In our assessment, we make the distinction between free trade and free trade agreements:
For free traders, the ideal is free trade: No border barriers; no domestic regulations or policies that have protectionist intent or effects or that otherwise bestow relative privileges on domestic companies or their products; no superfluous rules that are merely tangentially related to trade, but violations of which can be invoked to erect new impediments to trade. Measured against those standards, the TPP – with its 5,500 pages of explicit rules and exemptions – would not pass the free trade test. The TPP is not free trade. Like all other U.S. trade agreements, the TPP is a managed trade agreement, with provisions that both liberalize and restrict trade and investment. Some free traders would reject the TPP out of hand for its failure to eliminate all restrictions.
While such comprehensive trade liberalization would be ideal, expecting the TPP to deliver real free trade is unrealistic. That outcome is simply politically unattainable. Holding out for the ideal would make the perfect the enemy of the good, when the good is very likely better than the status quo. If the TPP will deliver more trade liberalization than restriction, and realistic alternatives to more comprehensive liberalization are unavailable, why not support the TPP?
Here is an abstract of the forthcoming paper, which includes our chapter-by-chapter scores, various averages of those scores, an explanation of methodology, and summaries of our scoring rationale for each graded chapter. But here are some bullets:
- We graded 22 of 30 chapters (8 did not lend themselves to this kind of evaluation) on a scale of 0 (protectionist) to 10 (free trade) — with 5 meaning the chapter would have a neutral impact.
- Chapters earning scores above 5 are considered “net liberalizing,” and those graded below 5 are considered “net restrictive.”
- 15 of 22 chapters received scores above 5.
- 5 of 22 chapters received scores below 5.
- 2 of 22 chapters received neutral scores of 5.
- The highest score assigned was 8 and it was assigned to 5 chapters.
- The lowest score assigned was 3 and it was assigned to 3 chapters.
- The median and mode scores were both 6.
- The straight average score was 5.82 (but this measure assigns every chapter the same weight, which doesn’t make sense to do).
- The average for “market access” oriented chapters was 6.18.
- The average for “rules and governance” oriented chapter was 5.45.
- The average for “First Tier” chapters (those that have to most bearing on the quality of the agreement) was 6.63.
- The average for “Second Tier” chapters was 5.36.

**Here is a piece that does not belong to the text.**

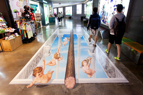 现代百货店新村店从4月4日开始在地下2层连接U-PLEX的通道上画上了名为“共度难关的希望之桥”的3D立体图画,在向顾客传递希望的同时也给购物观光的游客增加了一个可以拍照的好去处。

- The weighted average (where twice as much weight is assigned to First Tier chapters) was 6.03
Obviously, not everything in a free trade agreement is going to be to the liking of free traders. Some issues simply don’t belong in trade agreements. But in our view every little bit of liberalization helps, and as long at it doesn’t come at a cost that exceeds the benefits, it is worthy of support. The bottom line is that, in our assessment, the TPP would be net liberalizing — it would, on par, increase our economic freedoms. I hope it will be ratified and implemented as soon as possible.